## TASK TO COMPLETE
Output the first line below and each one after it, exactly, up to and including the line holding "从时间趋势来看(图3),政务". Pictures should not be copied.

(Collection entries)
○ ○ ○ ○

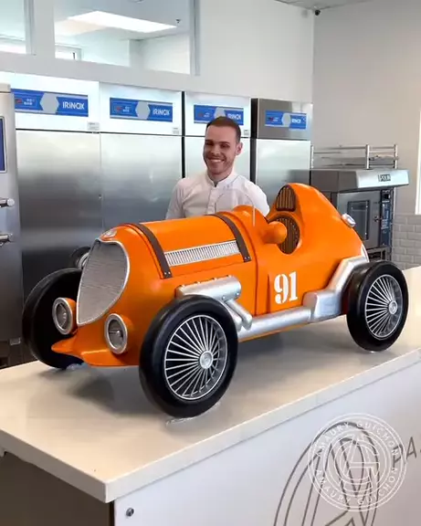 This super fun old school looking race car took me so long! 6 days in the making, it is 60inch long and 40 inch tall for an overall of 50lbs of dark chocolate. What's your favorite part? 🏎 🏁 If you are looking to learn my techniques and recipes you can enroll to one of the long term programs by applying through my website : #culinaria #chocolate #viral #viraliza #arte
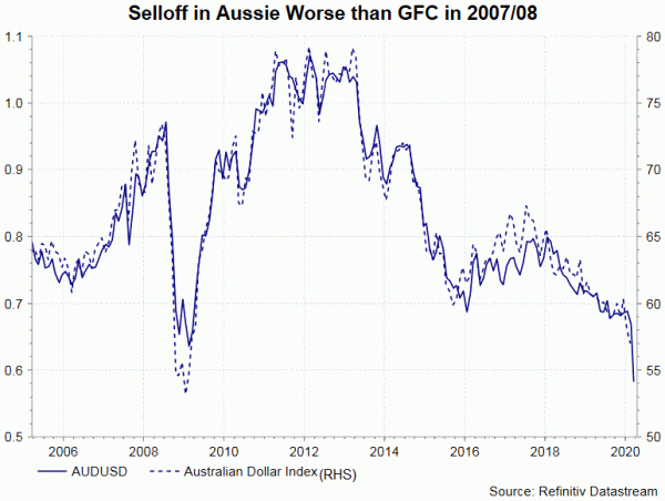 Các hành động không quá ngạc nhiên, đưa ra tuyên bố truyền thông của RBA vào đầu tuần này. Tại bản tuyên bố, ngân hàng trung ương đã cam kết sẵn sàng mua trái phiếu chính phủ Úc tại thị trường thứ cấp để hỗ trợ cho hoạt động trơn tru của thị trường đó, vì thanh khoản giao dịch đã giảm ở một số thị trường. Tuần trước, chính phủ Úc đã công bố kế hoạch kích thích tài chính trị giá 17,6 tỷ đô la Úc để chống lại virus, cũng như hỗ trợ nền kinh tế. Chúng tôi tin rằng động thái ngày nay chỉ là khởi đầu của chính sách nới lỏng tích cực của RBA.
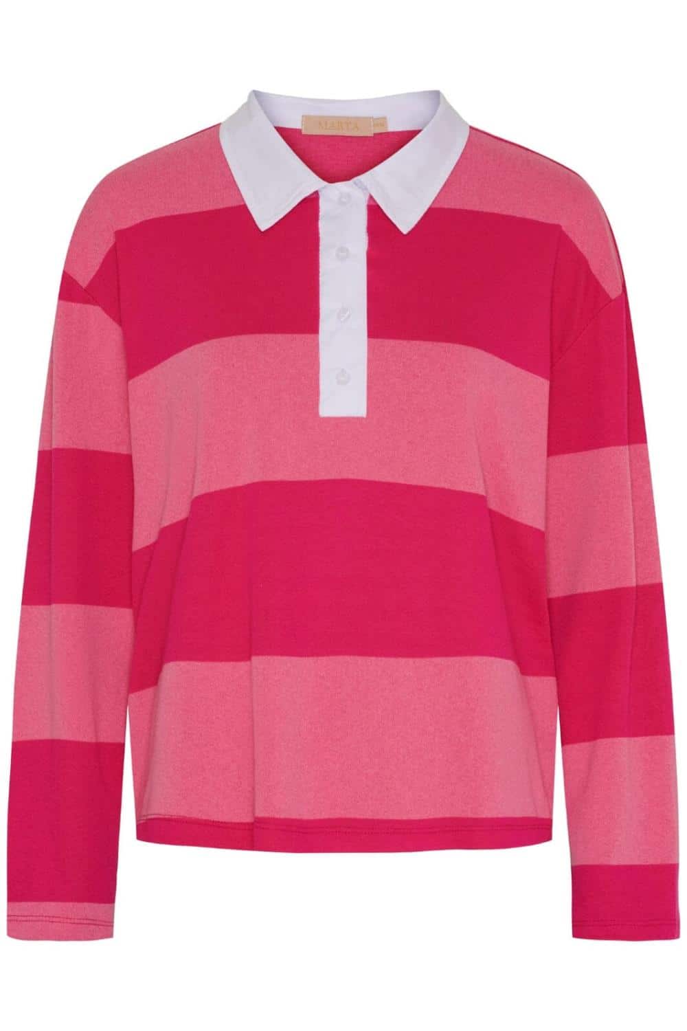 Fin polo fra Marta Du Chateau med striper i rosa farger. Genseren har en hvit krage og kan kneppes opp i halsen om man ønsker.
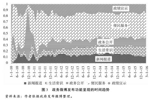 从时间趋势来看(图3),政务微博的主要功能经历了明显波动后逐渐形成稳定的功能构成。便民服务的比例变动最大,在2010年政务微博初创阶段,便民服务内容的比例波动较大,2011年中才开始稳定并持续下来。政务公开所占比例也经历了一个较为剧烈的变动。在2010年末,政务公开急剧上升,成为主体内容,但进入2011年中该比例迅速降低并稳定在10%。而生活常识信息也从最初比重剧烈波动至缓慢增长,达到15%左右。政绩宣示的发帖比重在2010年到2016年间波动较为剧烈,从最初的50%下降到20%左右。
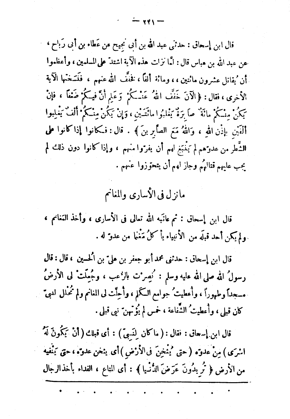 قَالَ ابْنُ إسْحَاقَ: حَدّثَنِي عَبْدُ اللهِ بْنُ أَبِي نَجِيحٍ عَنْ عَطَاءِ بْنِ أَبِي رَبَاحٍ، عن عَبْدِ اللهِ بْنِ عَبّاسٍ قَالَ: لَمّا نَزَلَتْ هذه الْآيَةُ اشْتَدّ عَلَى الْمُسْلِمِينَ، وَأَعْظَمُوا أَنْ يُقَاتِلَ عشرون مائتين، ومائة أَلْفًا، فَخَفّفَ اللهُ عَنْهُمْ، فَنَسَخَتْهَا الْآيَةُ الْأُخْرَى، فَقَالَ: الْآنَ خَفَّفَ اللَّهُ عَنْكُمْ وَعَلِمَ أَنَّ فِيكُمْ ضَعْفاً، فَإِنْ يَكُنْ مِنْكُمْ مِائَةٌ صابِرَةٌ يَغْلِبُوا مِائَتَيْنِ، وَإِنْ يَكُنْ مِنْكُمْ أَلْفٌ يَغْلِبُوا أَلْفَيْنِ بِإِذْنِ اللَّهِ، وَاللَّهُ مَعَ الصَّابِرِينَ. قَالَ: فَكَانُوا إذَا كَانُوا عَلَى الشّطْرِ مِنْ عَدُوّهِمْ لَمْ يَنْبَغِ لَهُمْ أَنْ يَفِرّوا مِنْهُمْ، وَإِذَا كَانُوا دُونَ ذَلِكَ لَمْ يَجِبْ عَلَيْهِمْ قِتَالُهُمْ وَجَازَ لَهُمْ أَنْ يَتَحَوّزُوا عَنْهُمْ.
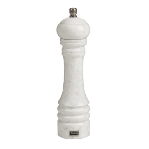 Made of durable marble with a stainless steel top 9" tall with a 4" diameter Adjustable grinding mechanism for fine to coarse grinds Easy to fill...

○ ○ ○ ○

## RESULT FOR THIS EXERCISE
 This super fun old school looking race car took me so long! 6 days in the making, it is 60inch long and 40 inch tall for an overall of 50lbs of dark chocolate. What's your favorite part? 🏎 🏁 If you are looking to learn my techniques and recipes you can enroll to one of the long term programs by applying through my website : #culinaria #chocolate #viral #viraliza #arte
 Các hành động không quá ngạc nhiên, đưa ra tuyên bố truyền thông của RBA vào đầu tuần này. Tại bản tuyên bố, ngân hàng trung ương đã cam kết sẵn sàng mua trái phiếu chính phủ Úc tại thị trường thứ cấp để hỗ trợ cho hoạt động trơn tru của thị trường đó, vì thanh khoản giao dịch đã giảm ở một số thị trường. Tuần trước, chính phủ Úc đã công bố kế hoạch kích thích tài chính trị giá 17,6 tỷ đô la Úc để chống lại virus, cũng như hỗ trợ nền kinh tế. Chúng tôi tin rằng động thái ngày nay chỉ là khởi đầu của chính sách nới lỏng tích cực của RBA.
 Fin polo fra Marta Du Chateau med striper i rosa farger. Genseren har en hvit krage og kan kneppes opp i halsen om man ønsker.
 从时间趋势来看(图3),政务微博的主要功能经历了明显波动后逐渐形成稳定的功能构成。便民服务的比例变动最大,在2010年政务微博初创阶段,便民服务内容的比例波动较大,2011年中才开始稳定并持续下来。政务公开所占比例也经历了一个较为剧烈的变动。在2010年末,政务公开急剧上升,成为主体内容,但进入2011年中该比例迅速降低并稳定在10%。而生活常识信息也从最初比重剧烈波动至缓慢增长,达到15%左右。政绩宣示的发帖比重在2010年到2016年间波动较为剧烈,从最初的50%下降到20%左右。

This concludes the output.